La località è posta sui modesti rilievi delle Murge, distando circa quindici chilometri dalle mura classiche di Taranto. Sin dai tempi antichi, almeno dal periodo greco, l'area di Monteparano era attraversata da un'arteria di comunicazione di notevole importanza, la cosiddetta "via Salentina", spesso erroneamente confusa con la Via Appia, via quest'ultima che in antico non ha mai interessato la zona del paese. 

A Monteparano si hanno tracce di frequentazione antropica sin dal periodo preistorico. In località "Masseria Barbuzzi" sono stati rinvenuti numerosi coltelli litici in selce risalenti al paleolitico.
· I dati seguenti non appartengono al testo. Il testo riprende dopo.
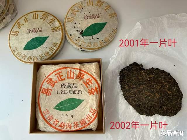 其中,2001年易武一片叶的叶子是全绿,叶脉不清晰;02年以后,绿叶上就特意突出了白色叶脉,一眼就能区分开。另外还有个小细节,02年只出了1个版面,剩下的01、03、04年各有2个版面,懂行的都靠这些细节辨年份。
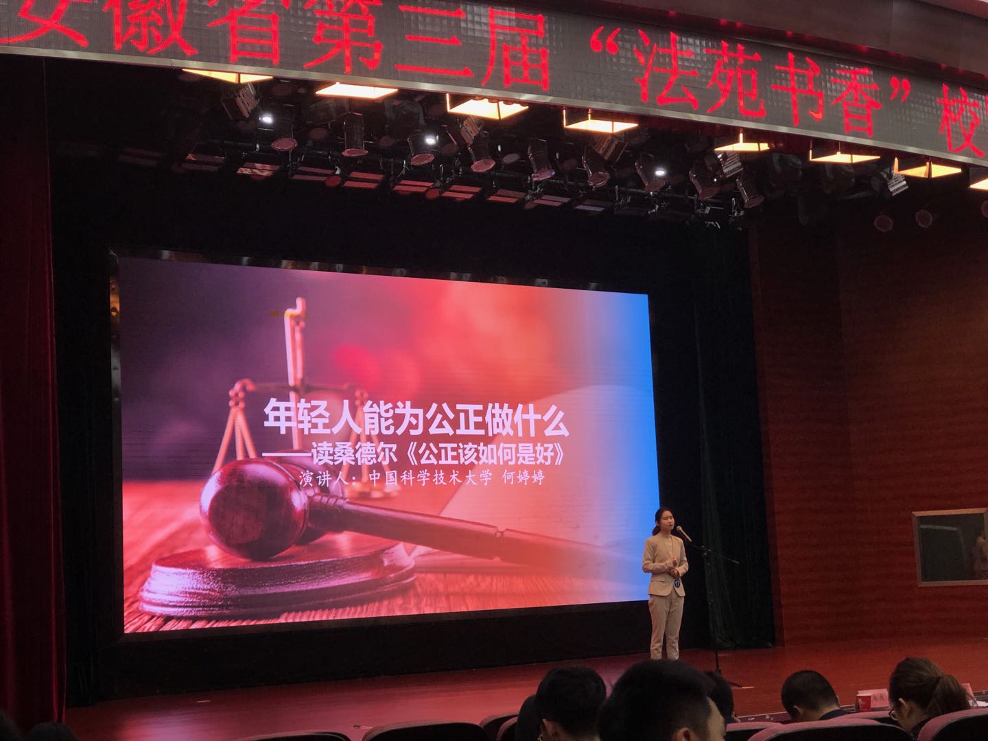 2019年11月15日,安徽省第三届“法苑书香”悦读分享赛在安徽警官职业学院(西区)隆重举行,来自全省19所高校的19名法律专业学生齐聚这里,展开激烈的角逐。我院通过上月举行的“读书知法”校园悦读分享赛的比拼,推荐2018级法律硕士专业的何婷婷代表中国科大参加此次比赛,法硕中心宋澜副主任担任此次比赛的指导老师。

Non si hanno invece al momento testimonianze che riguardano il periodo messapico, dovendosi quindi ipotizzare la totale assenza di insediamenti nell'area di tipo indigeno, cosa alquanto improbabile dal momento che più a ovest la provincia di Taranto risulta occupata già dal X-IX secolo a.C. da popolazioni messapiche (Masseria Vicentino - Grottaglie, Monte Sant'Elia - Roccaforzata, Scoglio del Tonno, Taranto). L'area di Monteparano è stata sicuramente frequentata in periodo greco, come dimostra la lastra tombale frammentaria, rinvenuta in località Mancini nel 1969, recante un'iscrizione incisa con lettere tardo-antiche: H(I)POKRA.

Sempre risalente ad epoca greca è un tesoretto monetale, ormai disperso, rinvenuto nel 1905 anch'esso in località Mancini. solo due monete sono state recuperate dalla Soprintendenza: uno statere d'argento di Eraclea e uno statere aureo di Taranto. La suddetta località mostra chiaramente una frequentazione in epoca classica ed ellenistica, notandosi in superficie un'alta concentrazione di tegole e ceramica a vernice nera, anche del tipo di Gnathia, il tutto inquadrabile tra il IV e il III secolo a.C.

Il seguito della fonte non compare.